Cuando alguien que vengo conociendo me pregunta, ¿qué haces?, le respondo, soy coach … "coach intercultural". Inmediatamente percibo la mirada de recelo, porque la palabra coach está usada de manera muy inapropiada y, hoy en día, todo el mundo se hace llamar coach. Pero, además, cuando le agrego la palabra intercultural, puedo observar un signo de pregunta en el rostro de esa persona. Entonces comienzo a explicar.

 

¿Qué es el Coaching Intercultural? 

 

Empecemos por entender ¿Qué es el Coaching? Es un proceso de acompañamiento destinado a ayudar a las personas (o equipos) a alcanzar su objetivos o desafíos profesionales y/o personales, usando una metodología que fomente la toma de conciencia, el aprendizaje y el alcance de estos objetivos a través de procesos de cambios y acciones.

 

¿Qué es interculturalidad? Un concepto usado sin mucha conciencia de su significado y que describe la acción entre dos o más culturas de un modo horizontal y sinérgico, donde ninguna se encuentra por encima de la otra, una condición que favorece la integración y la convivencia armónica de todos los individuos.  O, como bien, lo expresa Claude Clanet (Profesor emérito de Ciencias humanas Toulouse-France): 

 

“El término «Interculturalidad» introduce la noción de reciprocidad en el complejo intercambio de las relaciones entre culturas”.

 

Entonces, el coaching Intercultural podemos definirlo como el proceso de acompañar a las personas (o equipos), con los desafíos que representa el trabajar, negociar o convivir con personas de otras culturas y ayudarlos a interactuar de forma fluida y eficiente creando una relación e integración sinérgica y armónica entre ellos.

 

¿Para quién?

 

Está dirigido a todas las personas que enfrentan el desafío diario de trabajar con gente de otras culturas; líderes, managers empleados, equipos, en todos los niveles de las organizaciones. Así como también, las personas que deben negociar con interlocutores extranjeros en calidad de socios, clientes, proveedores, relaciones administrativas, gubernamentales, entre otros.
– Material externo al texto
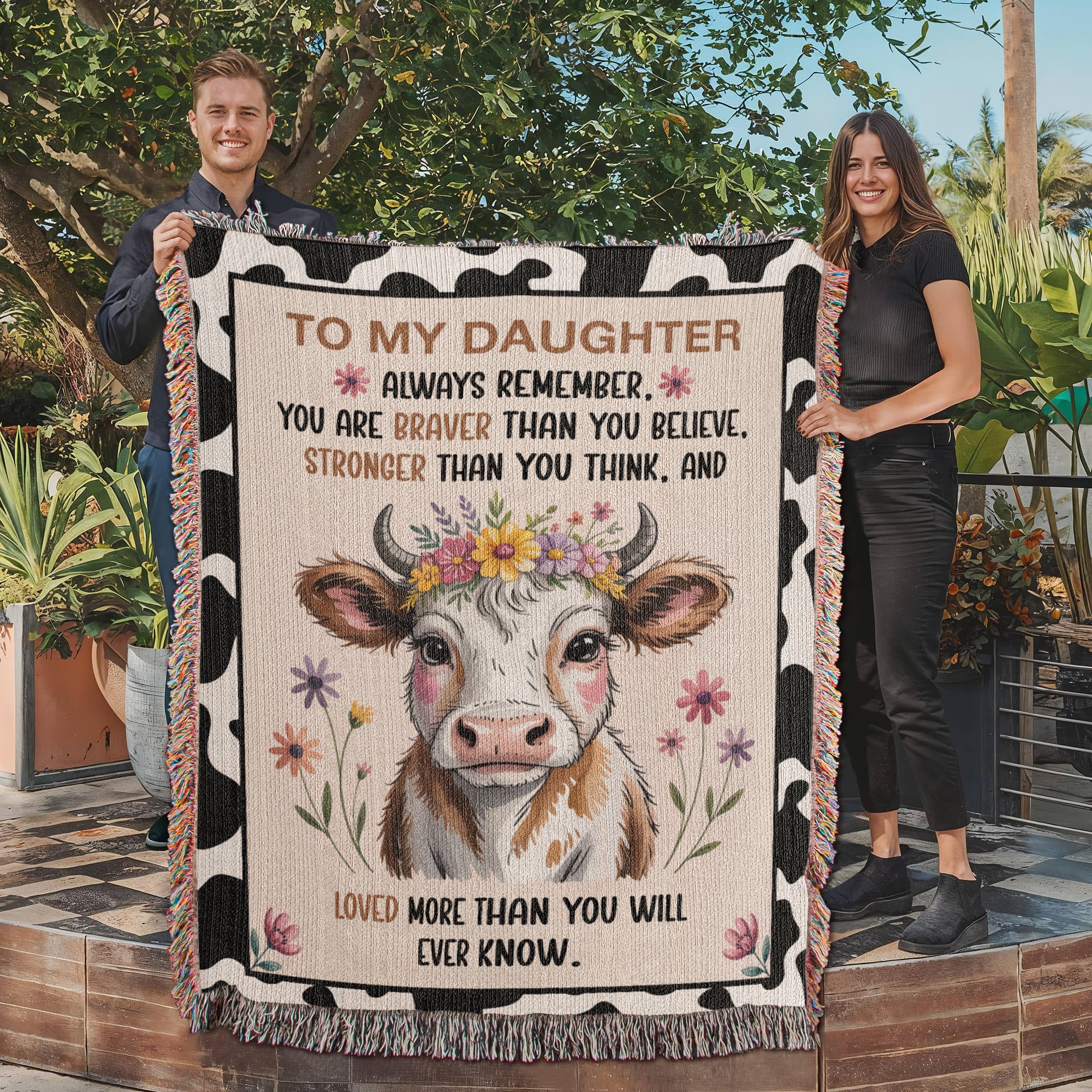 To My Daughter – “Braver, Stronger, More Loved Than You Know” Cow Blanket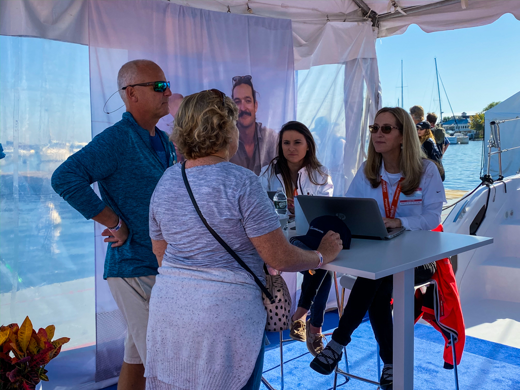 The Just Catamarans team of Derek Escher, Jim Ross, Kent Grimbeek, Robert Taylor, Terry GrimbeekStuart Eichner and Thomas Chambers attended the show to help Outremer clients who traveled from all over the world. Regarding the week that was, Vice President of Sales Thomas Chambers said: “Each year, the Annapolis show surpasses expectations. This year was no exception and we look foward to 2020 to make new memories. We are especially grateful for the relationship we have with Elayna, Riley, and Lenny.”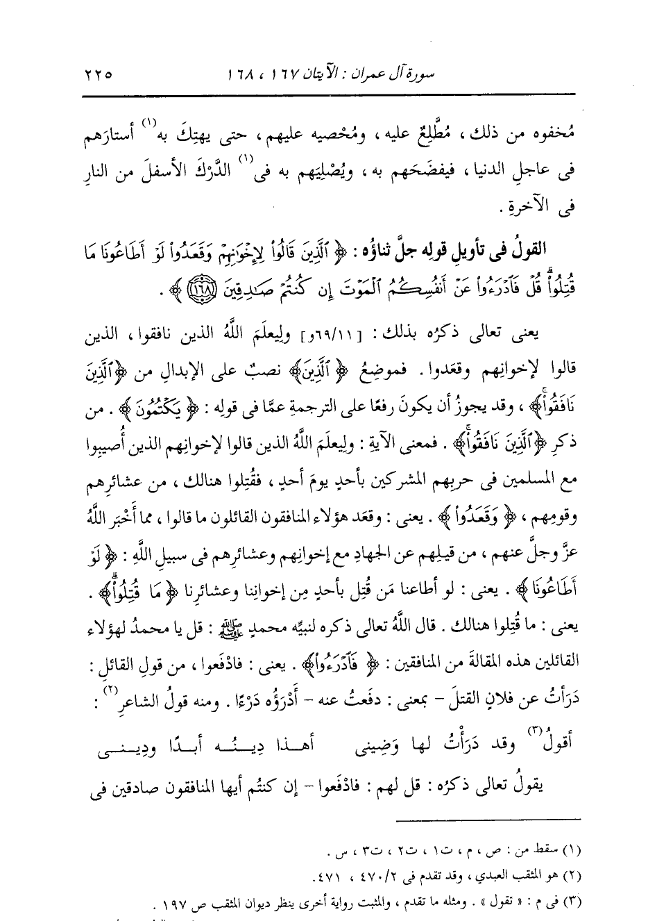 §الْقَوْلُ فِي تَأْوِيلِ قَوْلِهِ تَعَالَى: {الَّذِينَ قَالُوا لِإِخْوَانِهِمْ وَقَعَدُوا لَوْ أَطَاعُونَا مَا قُتِلُوا قُلْ فَادْرَءُوا عَنْ أَنْفُسِكُمُ الْمَوْتَ إِنْ كُنْتُمْ صَادِقِينَ} يَعْنِي تَعَالَى ذِكْرُهُ بِذَلِكَ: وَلِيَعْلَمَ اللَّهُ الَّذِينَ نَافَقُوا، الَّذِينَ قَالُوا لِإِخْوَانِهِمْ وَقَعَدُوا، فَمَوْضِعُ «الَّذِينَ» نَصْبٌ عَلَى الْإِبْدَالِ مِنْ «الَّذِينَ نَافَقُوا» ، وَقَدْ يَجُوزُ أَنْ يَكُونَ رَفْعٌا عَلَى التَّرْجَمَةِ عَمَّا فِي قَوْلِهِ: {يَكْتُمُونَ} [البقرة: 159] مِنْ ذِكْرِ «الَّذِينَ نَافَقُوا» فَمَعْنَى الْآيَةِ: وَلِيَعْلَمَ اللَّهُ الَّذِينَ قَالُوا لِإِخْوَانِهِمُ الَّذِينَ أُصِيبُوا مَعَ الْمُسْلِمِينَ فِي حَرْبِهِمُ الْمُشْرِكِينَ بِأُحُدٍ يَوْمَ أُحُدٍ، فَقُتِلُوا هُنَالِكَ مِنْ عَشَائِرِهِمْ وَقَوْمِهِمْ، {وَقَعَدُوا} [آل عمران: 168] يَعْنِي: وَقَعَدَ هَؤُلَاءِ الْمُنَافِقُونَ الْقَائِلُونَ مَا قَالُوا مِمَّا أَخْبَرَ اللَّهُ عَزَّ وَجَلَّ عَنْهُمْ مِنْ قِيلِهِمْ عَنِ الْجِهَادِ مَعَ إِخْوَانِهِمْ وَعَشَائِرِهِمْ فِي سَبِيلِ اللَّهِ: {لَوْ أَطَاعُونَا} [آل عمران: 168] يَعْنِي: لَوْ أَطَاعَنَا مَنْ قُتِلَ بِأُحُدٍ مِنْ إِخْوَانِنَا وَعَشَائِرِنَا {مَا قُتِلُوا} [آل عمران: 168] يَعْنِي: مَا قُتِلُوا هُنَالِكَ، قَالَ اللَّهُ عَزَّ وَجَلَّ لِنَبِيِّهِ مُحَمَّدٍ صَلَّى اللهُ عَلَيْهِ وَسَلَّمَ: قُلْ يَا مُحَمَّدُ لِهَؤُلَاءِ الْقَائِلِينَ هَذِهِ الْمَقَالَةَ مِنَ الْمُنَافِقِينَ: فَادْرَءُوا، يَعْنِي: فَادْفَعُوا مِنْ قَوْلِ الْقَائِلِ: دَرَأْتُ عَنْ فُلَانٍ الْقَتْلَ، بِمَعْنَى: دَفَعْتُ عَنْهُ، أَدْرَؤُهُ دَرْءًا، وَمِنْهُ قَوْلُ الشَّاعِرِ: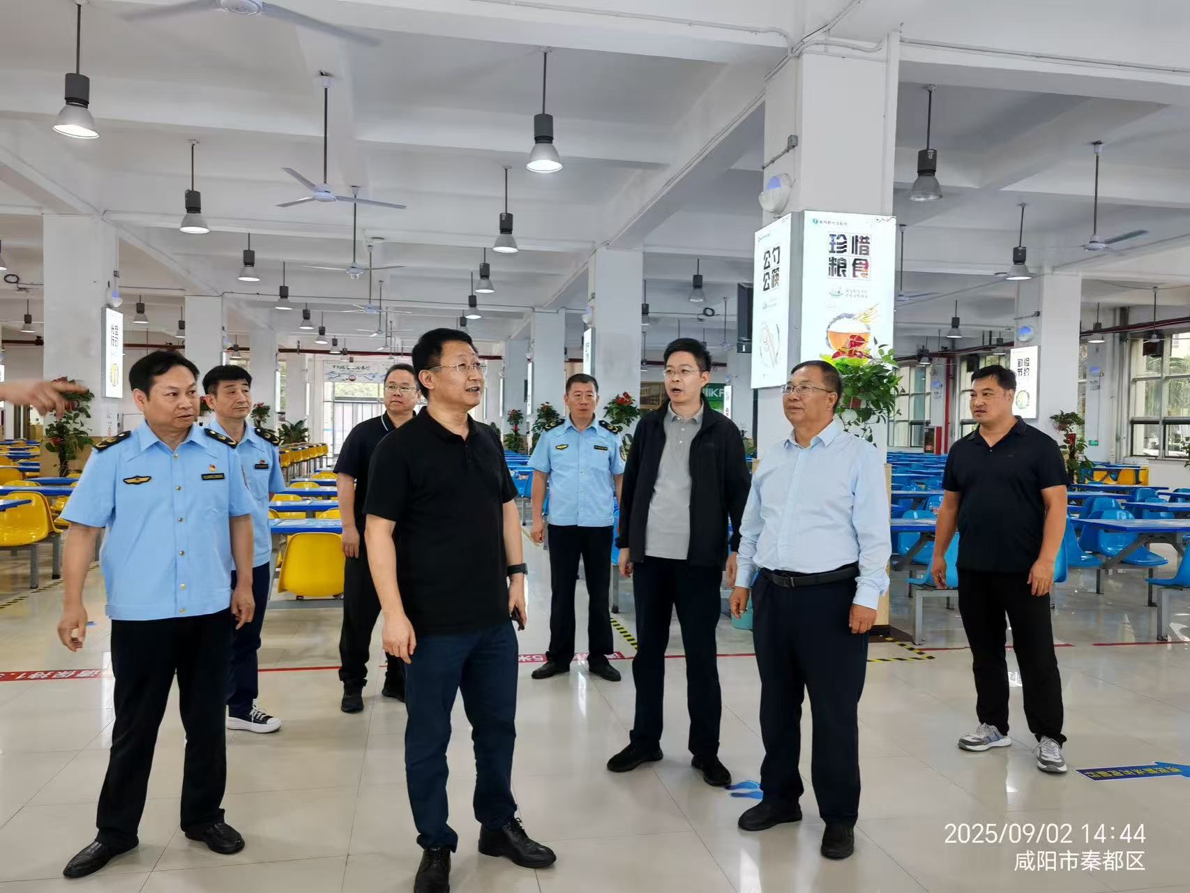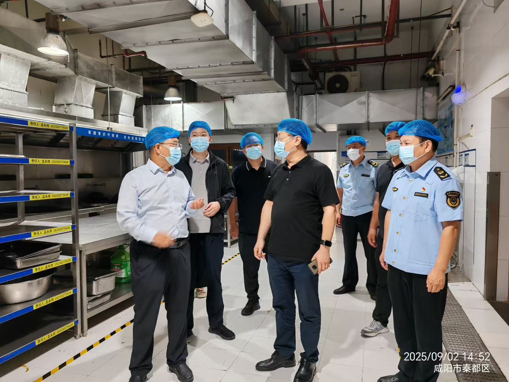 9月2日,沣西新城党委委员、纪委书记俎茂宏,沣西新城市场监督管理局局长皮利海一行到咸阳职院,专项检查指导学生食堂秋季开学准备及食品安全工作。学院党委副书记赵维,后勤处负责人全程陪同检查。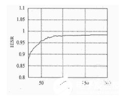 波形平均的干扰能量抑制比为IESR:97.496% 中值滤波的干扰能量抑制比IESR=99.672% 。图4给出了波形平均算法的IESR与算法平均次数M的相对应关系,可见随M 的增大,IESR逐渐提高,但在M 》10O时,IESR基本上保持不变,所以再增加波形平均的次数,算法的IESR没有明显提高。

Por último, ayuda a los profesionales y sus familias que se traslada de un país a otro y necesitan adaptarse al nuevo lugar y a la cultura que los acoge.

 

Tomemos el caso de Daniel, un ejecutivo argentino de una empresa multinacional, trabajando en Brasil y que acaba de ser nombrado líder de un equipo compuestos por brasileños, latinos y europeos. Sin duda al asumir esta responsabilidad, Daniel deberá demostrar sus competencias técnicas, pero además se verá enfrentado a las situaciones culturales que un equipo diverso demanda, como también al desafío de vivir en otra cultura. Sin duda un proceso de coaching intercultural será de mucho valor para afrontar esta nueva etapa.

 

No solo los managers o líderes están enfrentados a situaciones culturales complejas. Colaboradores locales, de niveles inferiores en las organizaciones, también se enfrentan con estos desafíos.  Pensemos en una secretaria o asistente de gerencia a quien, cada 3 años, le cambian su jefe por alguien de cultura diferente; alemán, brasileño, indio, americano etc. Probablemente esta persona aprende sobre la marcha y con pocos recursos disponibles en el entendimiento cultural y, si bien consigue desarrollar su trabajo, será a costa de estrés y de ineficiencias en tiempo y recursos. Este colaborador(a) también debería ser apoyado con coaching intercultural.

 

Por último, están los equipos multiculturales, presenciales y/o a distancia. Muchos estudios y ejemplos prácticos demuestran que un equipo diverso, dirigido por un líder preparado para manejar la diversidad, es valiosa fuente de innovación y creatividad. Lo más importante, cuando se trabaja en un equipo, homogéneo o diverso, es crear un “espacio de seguridad psicológico”, basado en la confianza (*). No obstante, en un equipo multicultural este cometido tiene mayores complejidades que en un equipo homogéneo. Para crear este espacio de seguridad se debe:

 

1.- Impulsar un ambiente abierto a la diversidad e inclusión donde cada miembro se sienta seguro, pudiendo expresar sus opiniones, ideas y/o desacuerdos.

 

2.- Definir cuáles serán los valores que el equipo desea impregnar en su trabajo, reconociendo que culturalmente tenemos valores distintos. Un núcleo de valores comunes, entendidos y aceptados por todos los miembros, serán esenciales para crear la cohesión del equipo, respetando la diversidad.

 

3.-Conocer y entender las diferencias culturales como el valor agregado que permitirá crear sinergias, complementariedades e innovación, invitando a cada miembro a colocar esa diversidad a disposición del equipo para aumentar su rendimiento.

 

Esto es un proceso que lleva tiempo y de no invertir en él, se corre el riesgo de tener un equipo diverso de bajo rendimiento o destinado al fracaso. Preparar equipos y a sus líderes también es una función del coaching intercultural 

 

¿Para qué?

 

Para enfrentar los desafíos culturales de la forma más eficiente posible para lograr los objetivos trazados.

El fin último de un proceso de coaching intercultural es desarrollar la “Inteligencia Cultural” definida como;

 

“la capacidad de adaptarse y actuar con eficacia ante diferentes desafíos y contextos culturales”

 

Una persona, que desarrolla su inteligencia cultural, es capaz de:

 

  • Tener auto-conciencia cultural y entender cómo ésta se refleja y es percibida por los otros.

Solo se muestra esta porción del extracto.